This trial is active, not recruiting.

Condition anorexia nervosa (an)
Treatments dhea (prasterone) + ert (aviane), placebo
Phase phase 3
Sponsor Children's Hospital Boston
Start date June 2011
End date January 2015
Trial size 70 participants
Trial identifier NCT01343771, 11-01-0634


The following randomized controlled trial will examine the effects of one year of dehydroepiandrosterone and estrogen replacement therapy (DHEA +ERT) on bone mineral density (BMD) and bone marrow composition in adolescents with anorexia nervosa (AN). The investigators will use imaging techniques including dual-energy x-ray absorptiometry (DXA), peripheral quantitative computed tomography (pQCT), visual assessments of magnetic resonance imaging (MRI) data, MR relaxometry and magnetic resonance spectroscopy (MRS) to measure bone mineral density and evaluate bone marrow composition.

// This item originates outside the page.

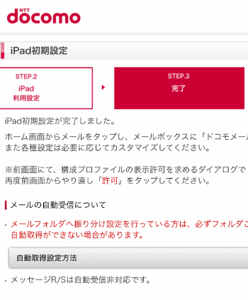 「ドコモメールセットアップ(iPad初期設定)」という部分をタップします。
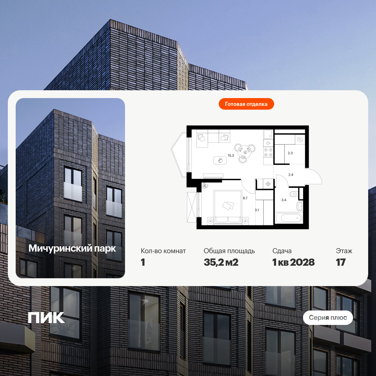 Купить 1к квартиру 34 м² в ЖК Матвеевский парк

The investigators will also collect serum to measure hormonal mediators of the changes observed in both bone density and bone marrow composition, including adrenal and gonadal steroids, insulin-like growth factors, growth hormone, and ghrelin, adiponectin, and leptin.

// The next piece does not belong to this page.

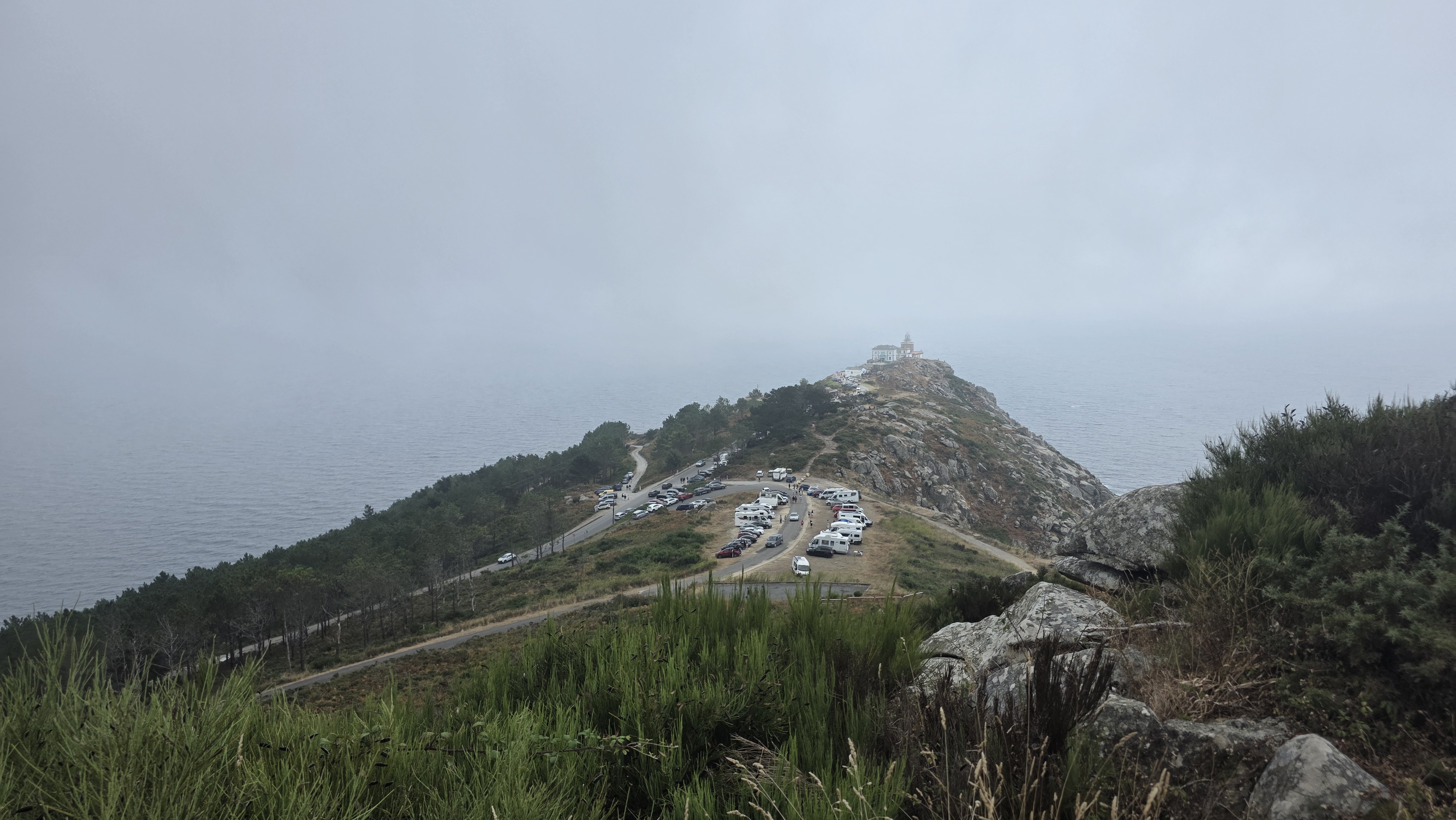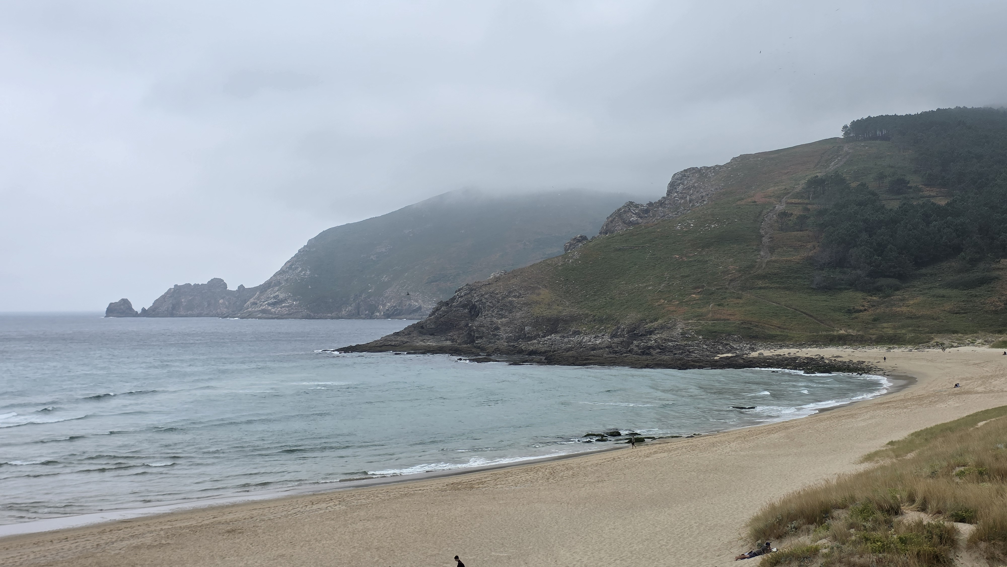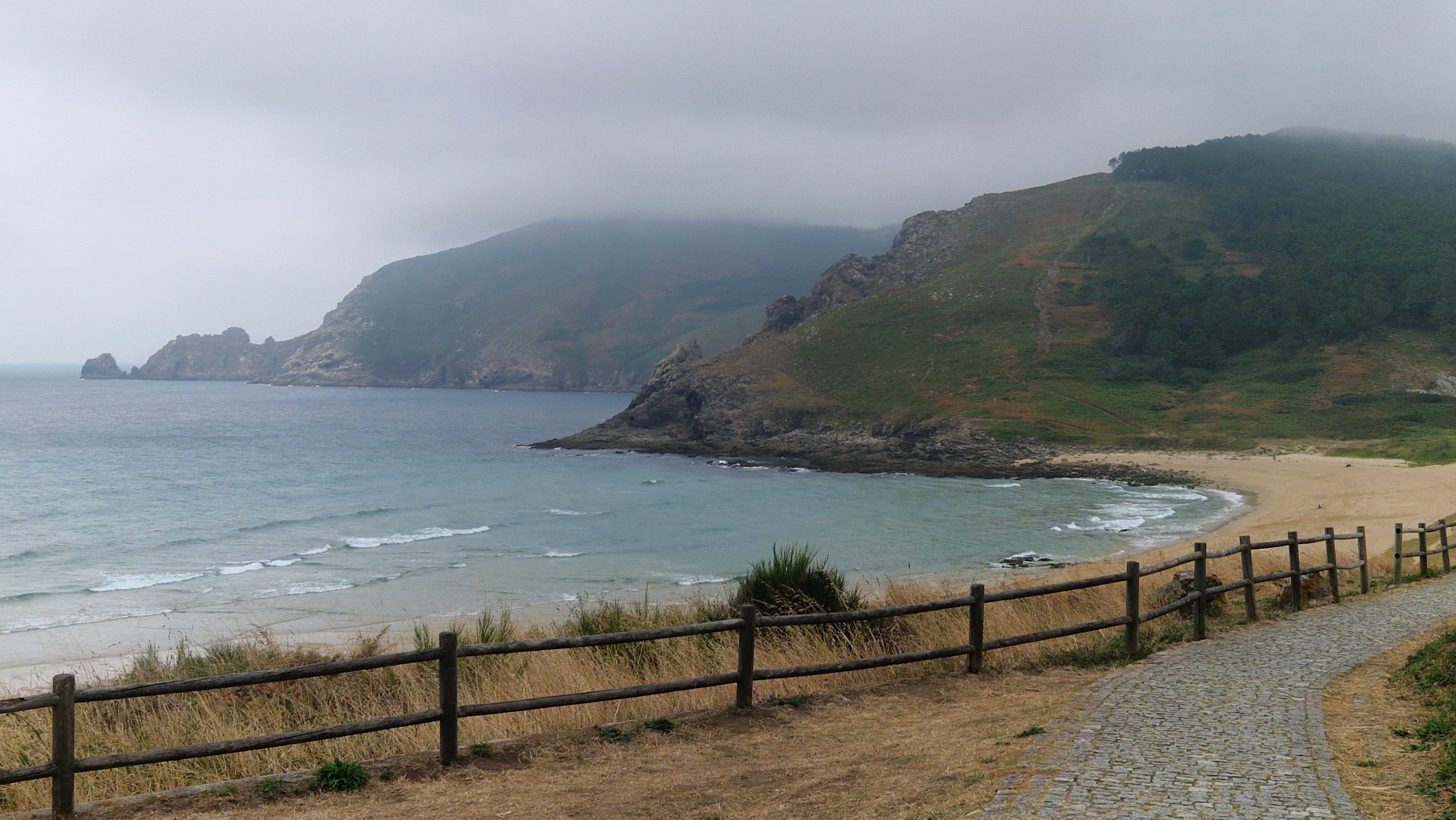 Après un bain de foule et un jus de pèche en terrasse nous sommes rentrés par le Camino de Fisterra qui longe la route.

United States No locations recruiting
Other countries No locations recruiting

Study Design

Allocation randomized
Endpoint classification safety/efficacy study
Intervention model parallel assignment
Masking double blind (subject, caregiver, investigator)
Primary purpose treatment
(Placebo Comparator)
placebo Sugar Pill
A placebo tablet will be developed by the Children's Hospital Pharmacy. Both treatments (DHEA+ERT and placebo) will be administered in a gelatin capsule.
(Active Comparator)
dhea (prasterone) + ert (aviane) Dehydroepiandrosterone (DHEA)
Micronized oral DHEA in a dose of 50 mg daily + ERT (0.3 mg Premarin, 1 tablet daily for 3 months, follow by Alesse, 20 mcg ethinyl estradiol + 0.1 mg levonorgestrel for 9 months)

Primary Outcomes

Bone Marrow Fat by MRI/MRS
time frame: Baseline; M12

Secondary Outcomes

BMD by DXA (spine, hip, whole body)
time frame: Baseline; M6; M12
Bone biomarkers
time frame: Baseline; M3; M6; M9; M12
BMD by pQCT of tibia
time frame: Baseline; M6; M12
Hormonal panel (serum)
time frame: Baseline; M3; M6; M9; M12

Eligibility Criteria

Female participants from 11 years up to 18 years old.

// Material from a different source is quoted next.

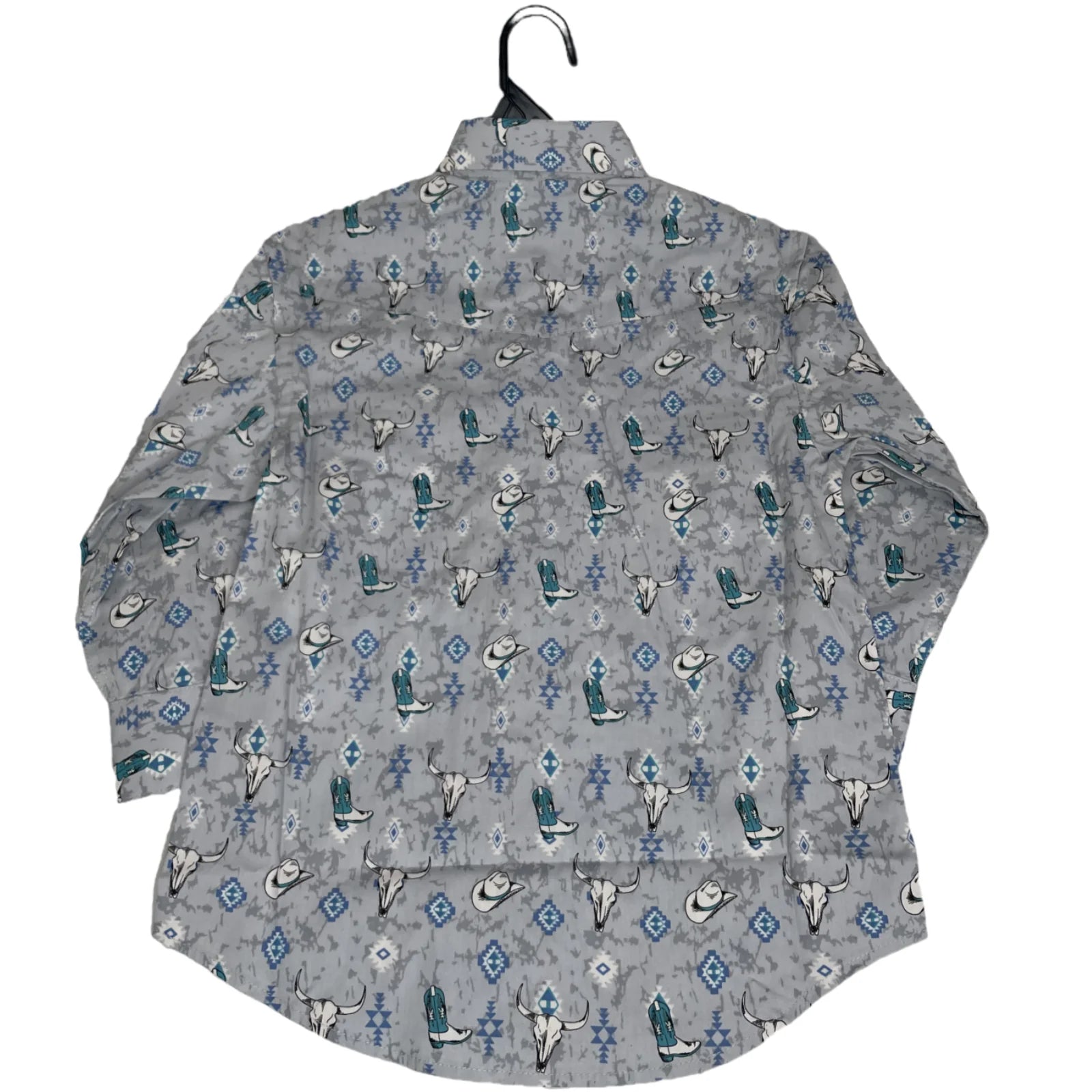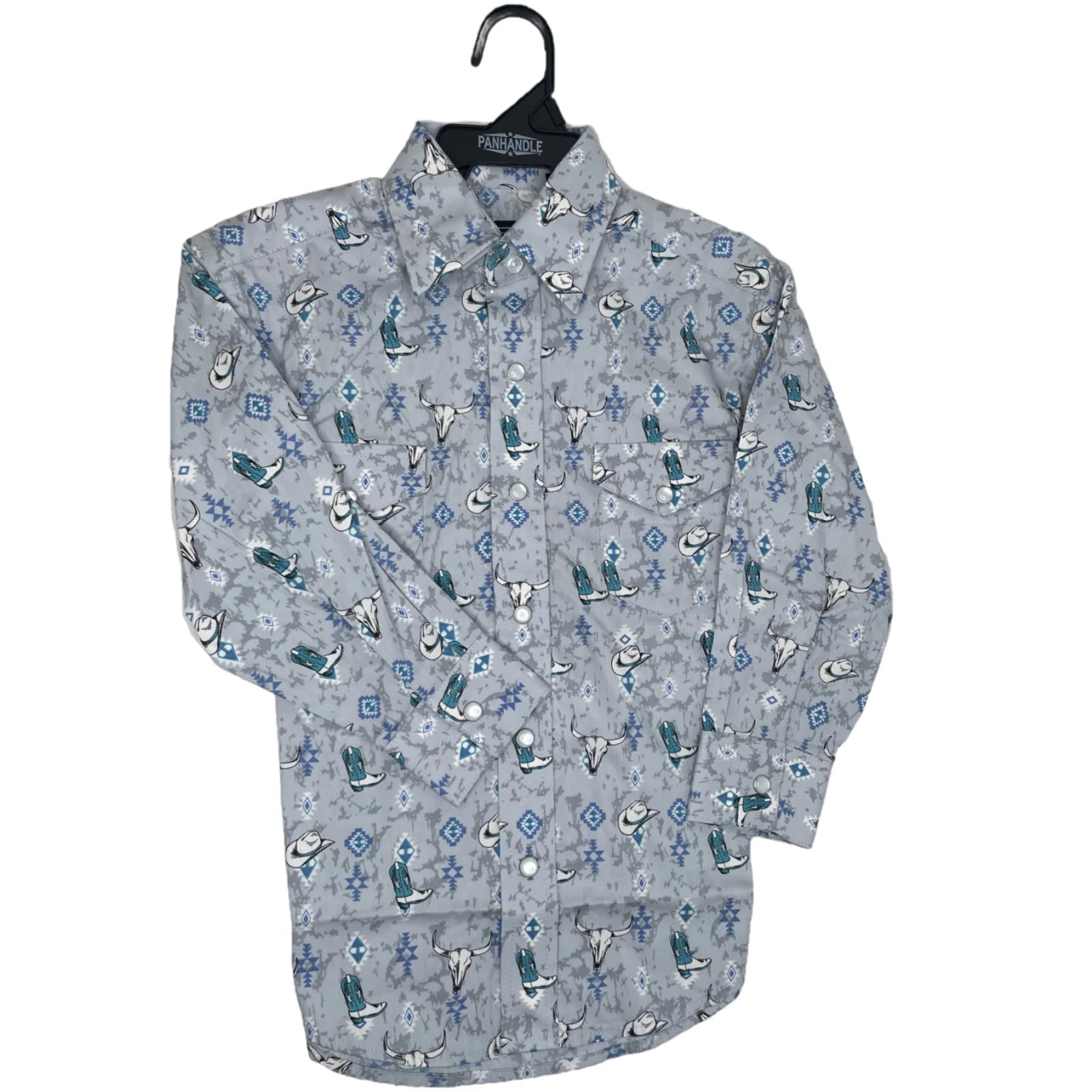 Panhandle Rough Stock Boy's Southwest Print Grey Snap Long Sleeve Shirt

Inclusion Criteria: - age 11-18 years (potential subjects age 11-13 years must have a bone age x-ray (obtained within previous 6 months) that is 13 years or more advanced) - diagnosis of AN based on DSM-IV criteria - female gender - postmenarchal Exclusion Criteria: - concomitant chronic diseases which affect bone health (e.g., cystic fibrosis, celiac disease) - use of medications known to affect bone metabolism during the last 3 months - use of depot medroxyprogesterone acetate during the last 12 months - current pregnancy

Additional Information

Official title Effect of Adrenal and Gonadal Hormones on Bone Marrow and Appendicular BMD
Principal investigator Catherine M Gordon, MD, MSc
Description This double-blinded randomized controlled trial will include 2 treatment arms of 35 patients. Group 1 will receive micronized oral DHEA in a dose of 50 mg daily + ERT (0.3 mg Premarin, 1 tablet daily for 3 months, follow by Alesse, 20 mg ethinyl estradiol + 0.1 mg levonorgestrel for 9 months); and Group 2 will receive placebo.There will be 12 months of therapy with follow up assessments every 3 months. DXA and pQCT measurements will be obtained at baseline, 6 months, and 12 months; MRI and MRS will be performed at baseline and 1 year; serum samples will be obtained at baseline and every 3 months throughout the 12-month trial; psychological and nutrition surveys will be carried out at baseline, 6, and 12 months. The investigators anticipate that this study will enable us to evaluate the efficacy of oral DHEA + ERT as a treatment strategy to optimize peak bone mass and to prevent development of osteoporosis in patients with AN.
Trial information was received from ClinicalTrials.gov and was last updated in June 2015.
Information provided to ClinicalTrials.gov by Children's Hospital Boston.